### Exercise aim:
The records below are to be transcribed exactly, with the pictures removed.

### Data extracts:
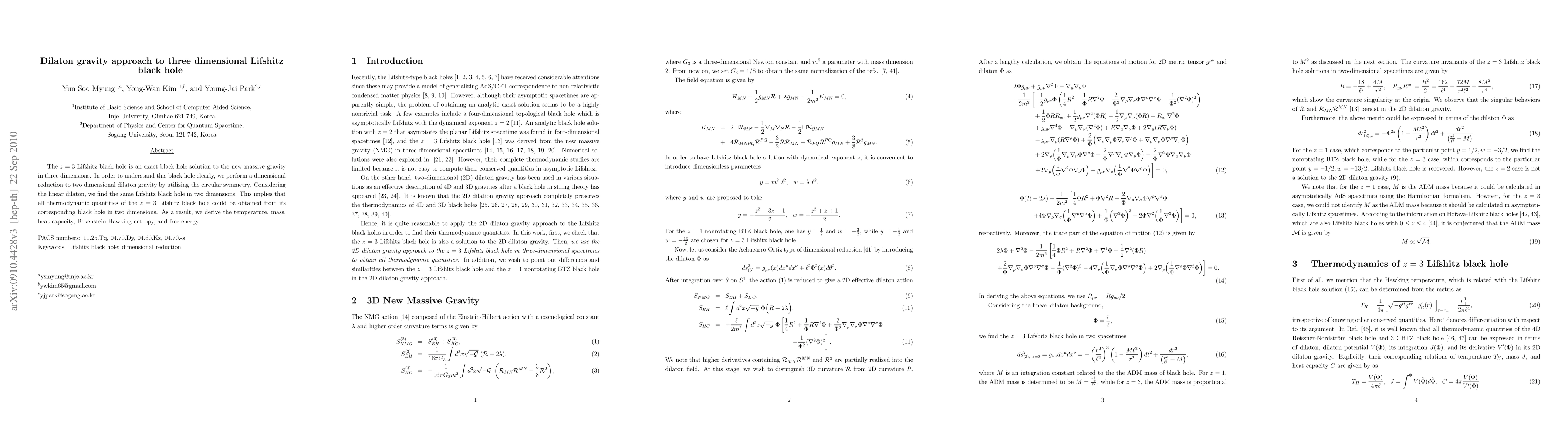 This paper explores a three-dimensional Lifshitz black hole through a dimensional reduction to two-dimensional dilaton gravity, finding a corresponding black hole solution that maintains thermodynamic properties, including temperature, mass, entropy, and free energy.
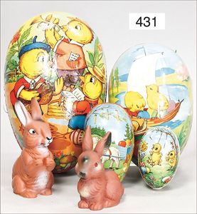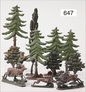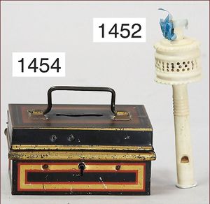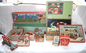 Fundkiste, u.a. ca. 40 Margarine-Figuren, einige frühe Murmeln, kleine Registrierkasse, das Spiel "Fang den Hut", "Irrgarten", "Gloria", "Mosaik", Tippkick, ein Holzziehspiel, Traffokleinteile
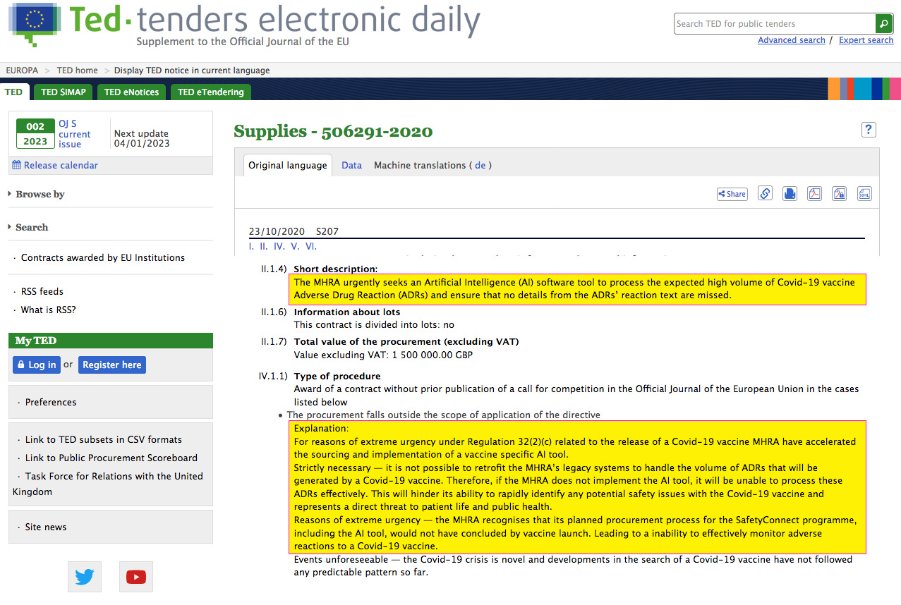 “For reasons of extreme urgency under Regulation 32(2)(c) related to the release of a Covid-19 vaccine MHRA have accelerated the sourcing and implementation of a vaccine specific AI tool. Strictly necessary — it is not possible to retrofit the MHRA’s legacy systems to handle the volume of ADRs that will be generated by a Covid-19 vaccine. Therefore, if the MHRA does not implement the AI tool, it will be unable to process these ADRs effectively. This will hinder its ability to rapidly identify any potential safety issues with the Covid-19 vaccine and represents a direct threat to patient life and public health.”
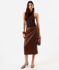 Eleve suas produções com esta saia midi, uma peça que combina sofisticação e brilho na medida certa. Ideal para eventos especiais, seu design elegante com bordado de paetês garante um visual marcante e cheio de glamour. Com um caimento confortável e elegante, esta saia feminina é a escolha perfeita para quem busca um look moderno e festivo.
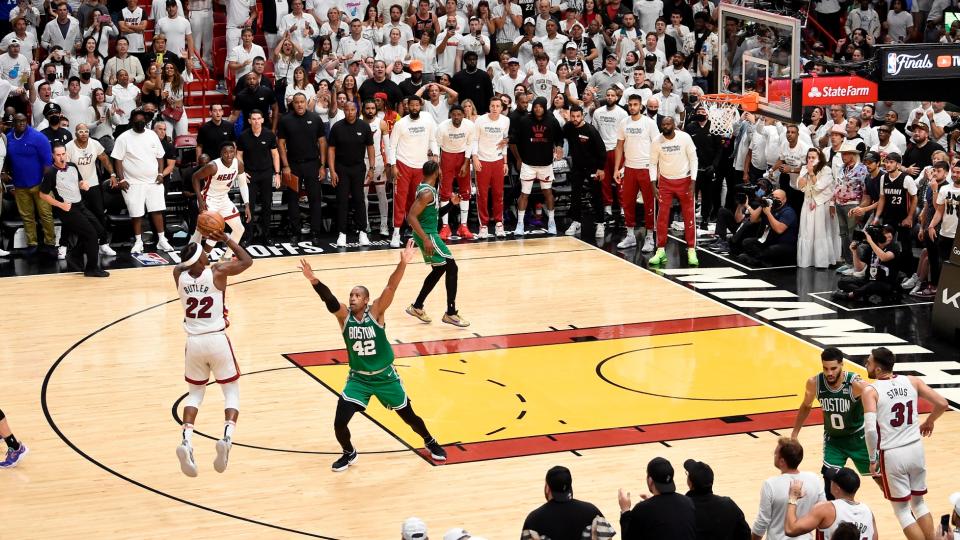 Jimmy Butler’s pull-up 3-point percentage during the 2021-22 regular season and 2022 playoffs was 25.8% as hit hit 17 of 66 shot attempts. The chance of the Celtics scoring on 1 possession can be calculated using game-level stats. The Celtics had about an estimated 98.6 possessions (85 FGA + 0.44*24 FTA + 13 TOV – 10 OREB). They scored at least 2 points on about 41.6 of these possessions (FGM + (FT%)2 * 0.44 * FTA), so they scored on about 42.2% of possessions.

### Answer to this problem:
 This paper explores a three-dimensional Lifshitz black hole through a dimensional reduction to two-dimensional dilaton gravity, finding a corresponding black hole solution that maintains thermodynamic properties, including temperature, mass, entropy, and free energy.
 Fundkiste, u.a. ca. 40 Margarine-Figuren, einige frühe Murmeln, kleine Registrierkasse, das Spiel "Fang den Hut", "Irrgarten", "Gloria", "Mosaik", Tippkick, ein Holzziehspiel, Traffokleinteile
 “For reasons of extreme urgency under Regulation 32(2)(c) related to the release of a Covid-19 vaccine MHRA have accelerated the sourcing and implementation of a vaccine specific AI tool. Strictly necessary — it is not possible to retrofit the MHRA’s legacy systems to handle the volume of ADRs that will be generated by a Covid-19 vaccine. Therefore, if the MHRA does not implement the AI tool, it will be unable to process these ADRs effectively. This will hinder its ability to rapidly identify any potential safety issues with the Covid-19 vaccine and represents a direct threat to patient life and public health.”
 Eleve suas produções com esta saia midi, uma peça que combina sofisticação e brilho na medida certa. Ideal para eventos especiais, seu design elegante com bordado de paetês garante um visual marcante e cheio de glamour. Com um caimento confortável e elegante, esta saia feminina é a escolha perfeita para quem busca um look moderno e festivo.
 Jimmy Butler’s pull-up 3-point percentage during the 2021-22 regular season and 2022 playoffs was 25.8% as hit hit 17 of 66 shot attempts. The chance of the Celtics scoring on 1 possession can be calculated using game-level stats. The Celtics had about an estimated 98.6 possessions (85 FGA + 0.44*24 FTA + 13 TOV – 10 OREB). They scored at least 2 points on about 41.6 of these possessions (FGM + (FT%)2 * 0.44 * FTA), so they scored on about 42.2% of possessions.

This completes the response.